Nafees Asaad Ahmed, Muneer Muhammad Zia, De Matteis Sara, Amaral Andre, Burney Peter, Cullinan Paul
Department of Community Health Sciences, Aga Khan University, Karachi, Pakistan
National Heart and Lung Institute, Imperial College London, London, UK.
Occup Environ Med. 2022 Apr;79(4):242-244. doi: 10.1136/oemed-2021-107680. Epub 2021 Nov 19.
Byssinosis remains a significant problem among textile workers in low/middle-income countries. Here we share our experience of using different prediction equations for assessing 'chronic' byssinosis according to the standard WHO classification using measurements of forced expiratory volume in 1 s (FEV).
We enrolled 1910 workers in a randomised controlled trial of an intervention to improve the health of textile workers in Pakistan. We included in analyses the 1724 (90%) men who performed pre-bronchodilator spirometry tests of acceptable quality. We compared four different equations for deriving lung function percentage predicted values among those with symptoms-based byssinosis: the third US National Health and Nutrition Examination Survey (NHANES-III, with 'North Indian and Pakistani' conversion factor); the Global Lung Function Initiative (GLI, 'other or mixed ethnicities'); a recent equation derived from survey of a western Indian population; and one based on an older and smaller survey of Karachi residents.

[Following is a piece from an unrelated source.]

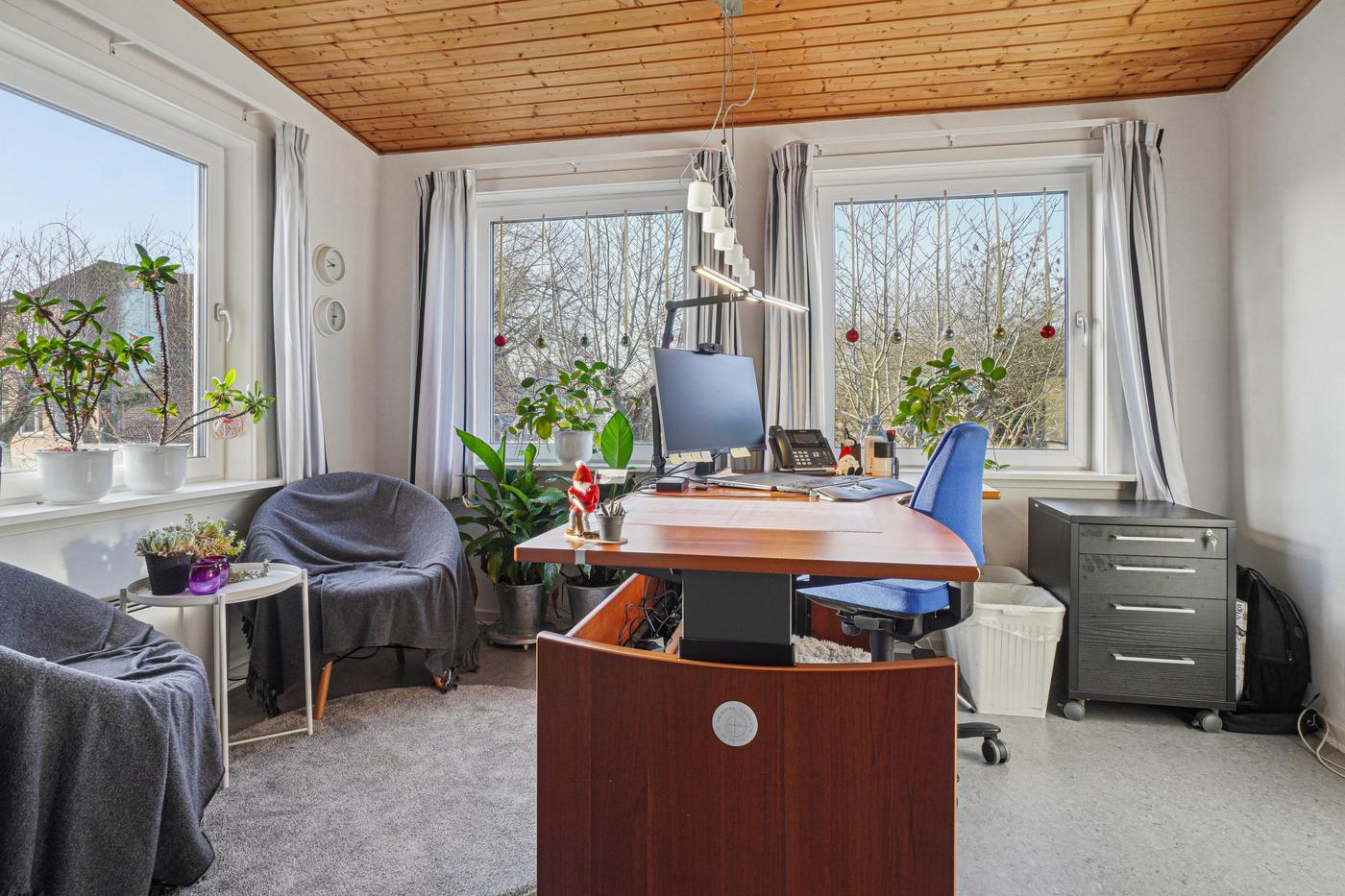 Kontor/klinik i stueplan er på 156m², er yderst velegnet til diverse klinikformål, ligesom det er velegnet til kontor, undervisning o.l. -Indrettet med indgangsparti med kunde-/gæstetoilet, 3-4 kontorer/klinik-/møderum, personaletoilet, samt køkken/frokoststue.

58 men (3.4%) had symptoms-based byssinosis according to WHO criteria. Of these, the proportions with a reduced FEV (<80% predicted) identified using NHANES and GLI; Indian and Pakistani reference equations were 40%, 41%, 14% and 12%, respectively. Much of this variation was eliminated when we substituted FEV/forced vital capacity (FVC) ratio (<lower limit of normality) as a measure of airway obstruction.
Accurate measures of occupational disease frequency and distribution require approaches that are both standardised and meaningful. We should reconsider the WHO definition of 'chronic' byssinosis based on changes in FEV, and instead use the FEV/FVC.
在低收入/中等收入国家,棉尘病仍是纺织工人面临的一个重大问题。在此,我们分享根据世界卫生组织(WHO)标准分类,使用1秒用力呼气量(FEV)测量值,运用不同预测方程评估“慢性”棉尘病的经验。
我们招募了1910名工人参与一项旨在改善巴基斯坦纺织工人健康状况的干预措施随机对照试验。我们将1724名(90%)进行了质量合格的支气管扩张剂使用前肺量计测试的男性纳入分析。我们比较了四种不同的方程,用于推导有基于症状的棉尘病患者的预测肺功能百分比值:第三次美国国家健康和营养检查调查(NHANES - III,采用“北印度和巴基斯坦”转换因子);全球肺功能倡议(GLI,“其他或混合种族”);一个近期从印度西部人群调查得出的方程;以及一个基于对卡拉奇居民进行的一项规模较小且年代较久的调查得出的方程。
根据WHO标准,58名男性(3.4%)患有基于症状的棉尘病。其中,使用NHANES和GLI、印度和巴基斯坦参考方程确定的FEV降低(<预测值的80%)的比例分别为40%、41%、14%和12%。当我们用FEV/用力肺活量(FVC)比值(<正常下限)作为气道阻塞的指标时,这种差异大部分被消除。
准确测量职业病的频率和分布需要标准化且有意义的方法。我们应基于FEV的变化重新考虑WHO对“慢性”棉尘病的定义,而应改用FEV/FVC。